Dose rates and optical ages for Kati Thanda - Lake Eyre sediments.
OSL: optically stimulated luminescence; SG: single grain; SA: single aliquot; SD: standard deviation; CAM: central age model; CAMUL: unlogged central age model; FMM: finite mixture model; ICP-OES: inductively coupled plasma optical emission spectrometry; De: equivalent dose.
ICP-OES analysis was done at the Activation Laboratories Ltd, Ancaster, Canada. For all samples, elemental concentrations were converted to dry dose rates using the conversion factors of Stokes et al. (2003) and adjusted for the water content (expressed as % of dry mass of sample using the dose correction factors of Adamiec and Aitken (1998)).

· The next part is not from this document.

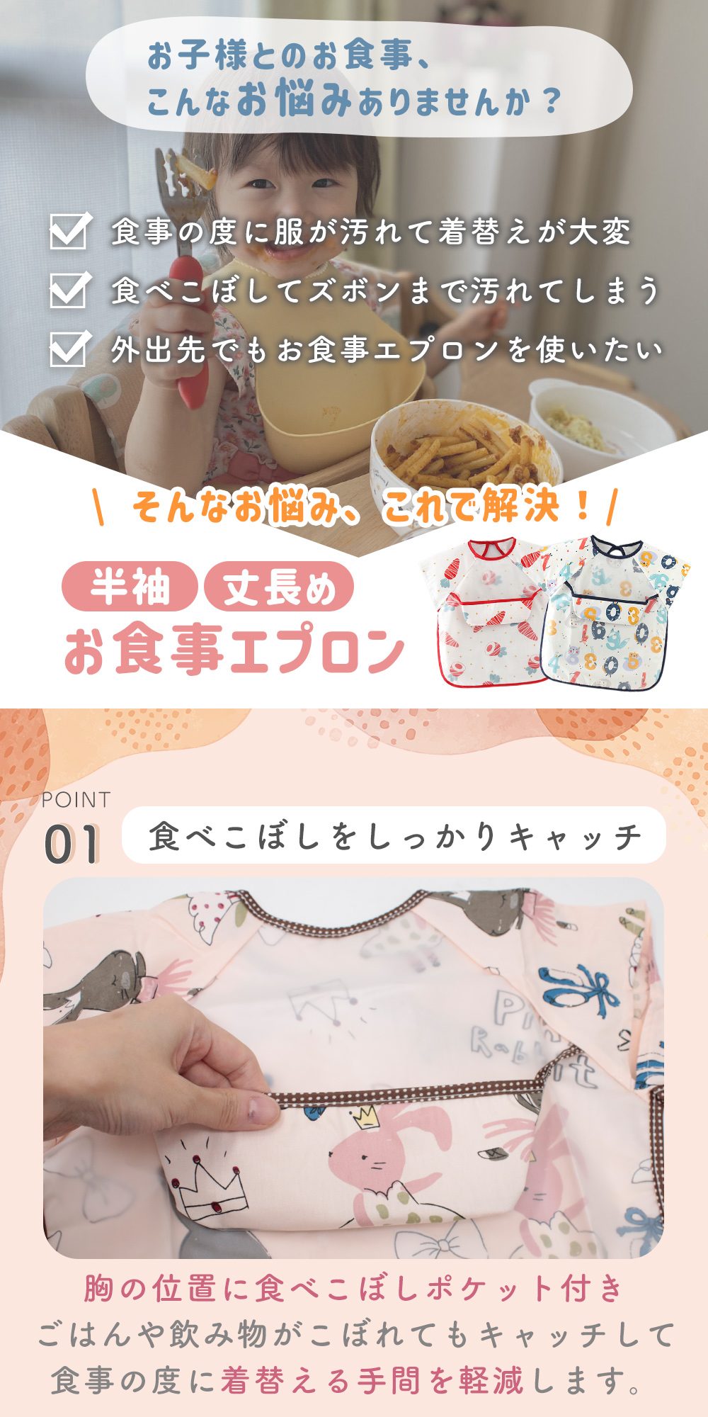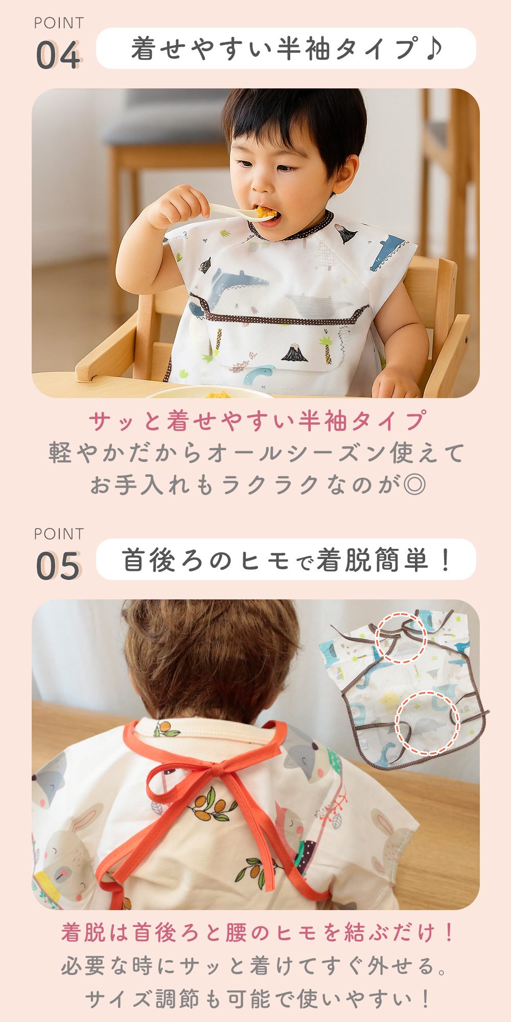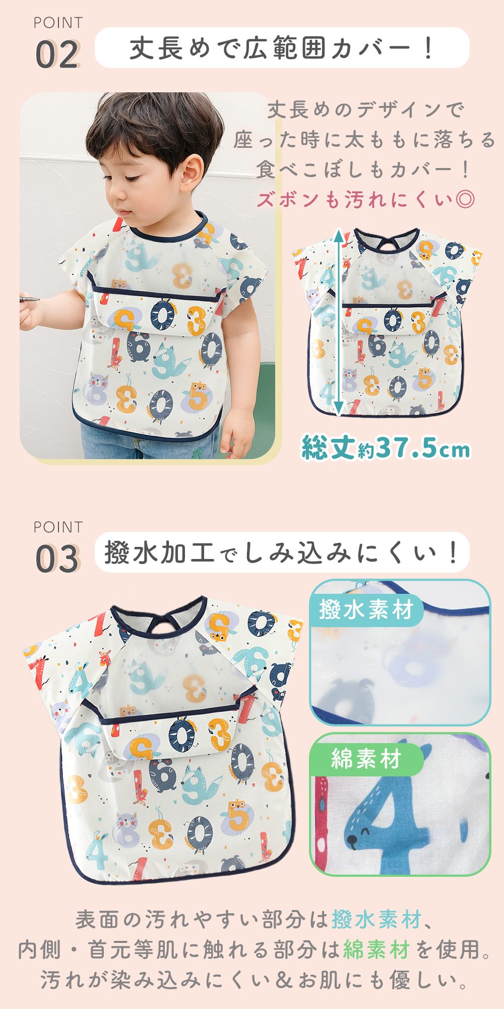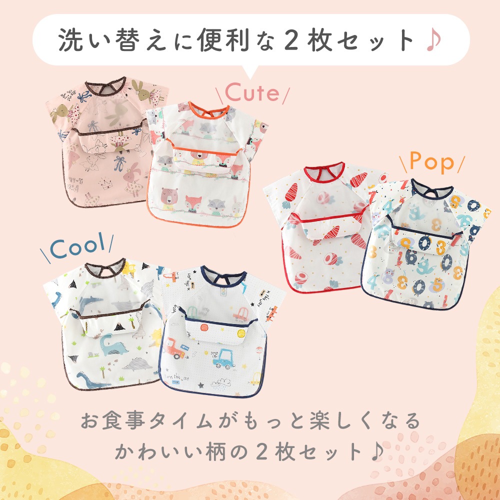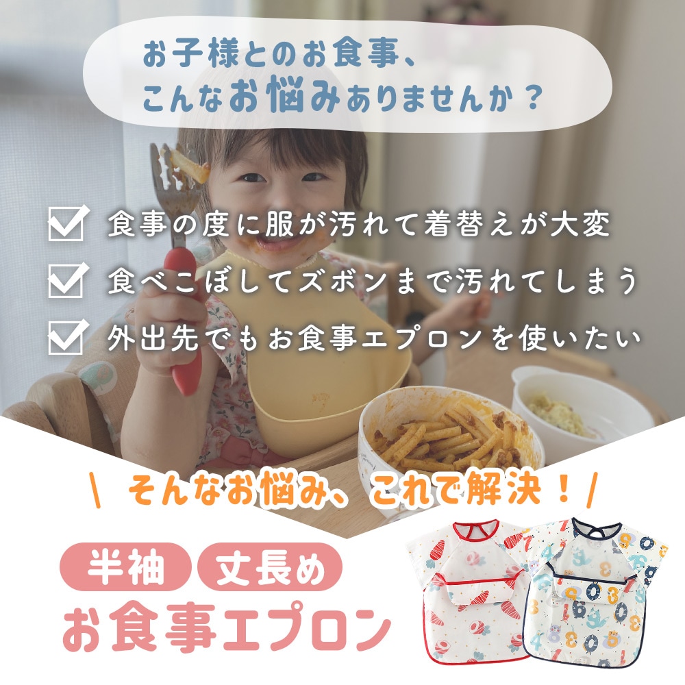 お食事エプロン 半袖 丈長め 2枚セット ベビーエプロン 2枚 長め 半袖 スタイ ベビー ベビースタイ おしゃれ かわいい 撥水 紐 ヒモ 調整可 食べこぼし 子ども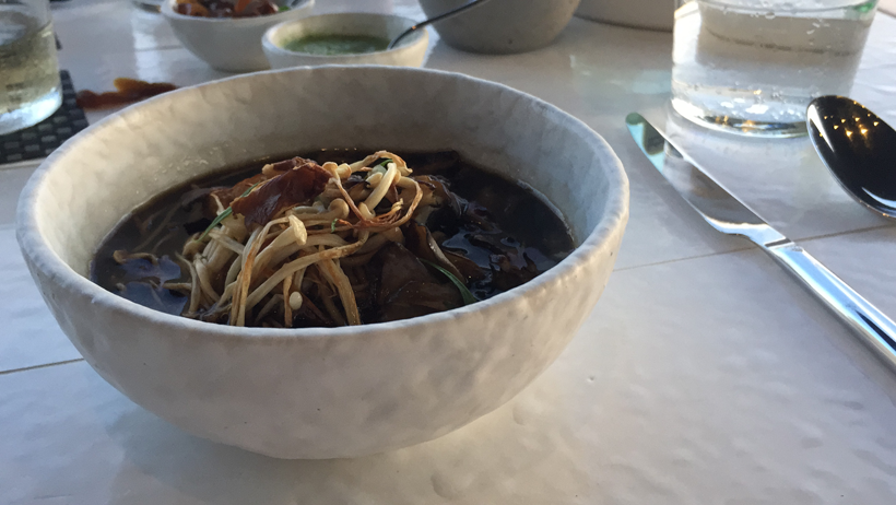 Mushroom consommé with soba..

Mean ± total uncertainty (68% confidence interval), calculated as the quadratic sum of the random and systematic uncertainties and including an assumed internal alpha dose rate of 0.03 ± 0.01 Gy/ka.
The total uncertainty includes a systematic component of ±2% associated with laboratory beta-source calibration and is reported on the 2σ level.
The CAM, CAMUL, or FMM was applied to derive the final optical age for each sample as discussed in the text.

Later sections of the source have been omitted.